Exponentially distributed data is generated using R’s rexp function. 3 kinds of simulations are done to prove theoretical mean 1/λ and simulated mean converges.
nosims <- 1000;
lambda <- 0.2
n = 40
set.seed(123)
means <- cumsum(rexp(nosims, lambda)) / (1 : nosims); library(ggplot2)
g <- ggplot(data.frame(x = 1 : nosims, y = means), aes(x = x, y = y))
g <- g + geom_hline(yintercept = 1/lambda, color = I('blue'), size = 1.5) + geom_line(size = 2)
g <- g + labs(x = "Number of iterations", y = "Cumulative mean")
g
Above plot demonstrates the cumulative mean of sample mean(blue line) converges eventually at theoretical mean 1/λ = 5
sim_data = data.frame(x = sapply(1:nosims, function(x) { rexp(n, lambda) }))
means = data.frame(x = sapply(sim_data[, 1:nosims], mean))
qplot(x, y, data=data.frame(x = 1:nosims, y = means$x)) +
geom_smooth() +
geom_hline(yintercept = 1/lambda) +
labs(x = "Number of iterations", y = "Sample mean of 40 exponentials")
Black line is theoretical mean and blue one is sample mean
No let us look at what happens when number of exponentials are 400 and iterated for 1000 times.
means = data.frame(x = sapply(1:nosims, function(x) {
mean(rexp(400, lambda))
}))
qplot(x, y, data=data.frame(x = 1:nosims, y = means$x)) +
geom_smooth() +
geom_hline(yintercept = 1/lambda) +
labs(x = "Number of iterations", y = "Sample mean of 400 exponentials")
Above plot once again proves the sample mean converges at theoretical mean. Now the error is very less, distribution quite closer to 1/λ = 5
Let us take Standard Deviation instead of Variance, so that our plots are uniform.

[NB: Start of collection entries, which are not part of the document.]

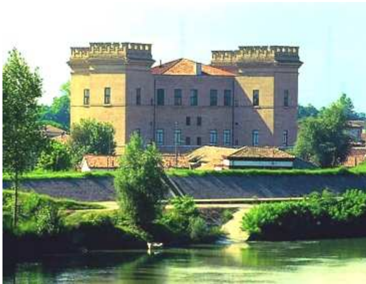
Castello Estense di Mesola

Un'altra interessante tappa è stata quella relativa alla visita del Castello di Mesola che dista solo pochi chilometri dall'Abbazia di Pomposa che con il suo campanile svettante, è ben visibile anche da notevole distanza.
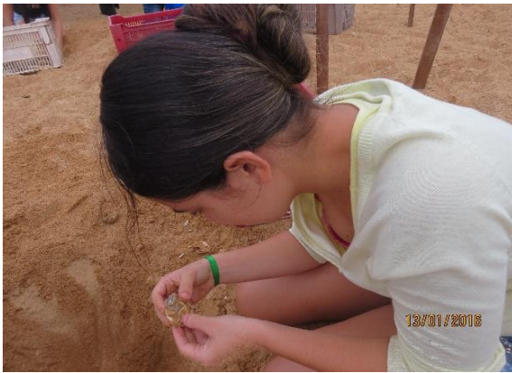
Figura 33 – Ações de manejo comunitário na praia Juncal, no Tabuleiro do Embaubal.
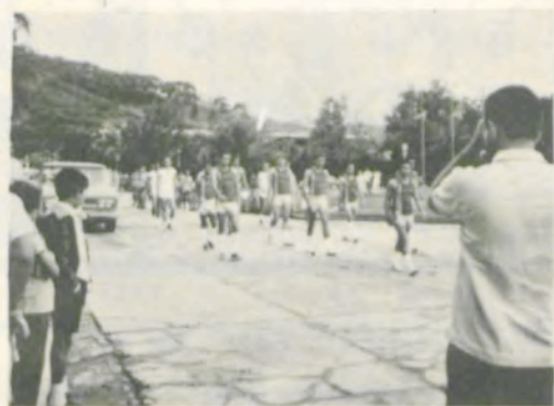
A equipe de basquete da LUVE.
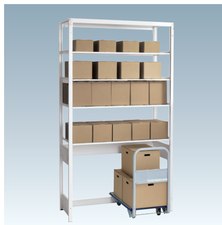
※抗菌剤は含まれていません。
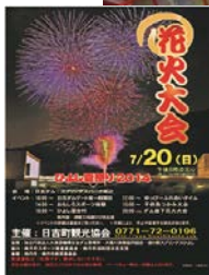
1. ひよし夏祭り ダムゲート室一般開放
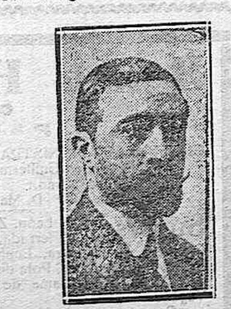
GASCON Y MARIN, ministro de Instrucción pública
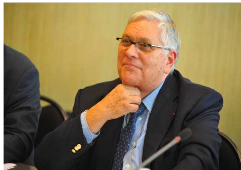
Henri REVOL – Président du HCTISN

Ce fut le cas lors de l'élaboration du rapport intitulé « contribution du HCTISN à la démarche relative aux évaluations complémentaires de sûreté des installations nucléaires françaises au regard des événements survenus à Fukushima », adopté le 13 décembre 2012 à l'unanimité des membres du Haut comité présents.

sds = sapply(sim_data[, 1:nosims], sd)
qplot(x, y, data=data.frame(x = 1:nosims, y = sds)) + geom_smooth() + geom_hline(yintercept = 1/lambda) + labs(x = "Number of iteration", y = "Standard Deviation")
This plot also shows the data is dense around 1/λ = 5
ggplot(data = means, aes(x = x)) +
geom_histogram(aes(y=..density..), fill = I('#aaccff'), color = I('blue')) +
stat_function(fun = dnorm, arg = list(mean = 1/lambda, sd = sd(means$x)), color = I('green'), size = 1.5) +
geom_vline(xintercept = 1/lambda, size = 1, color = I('red'))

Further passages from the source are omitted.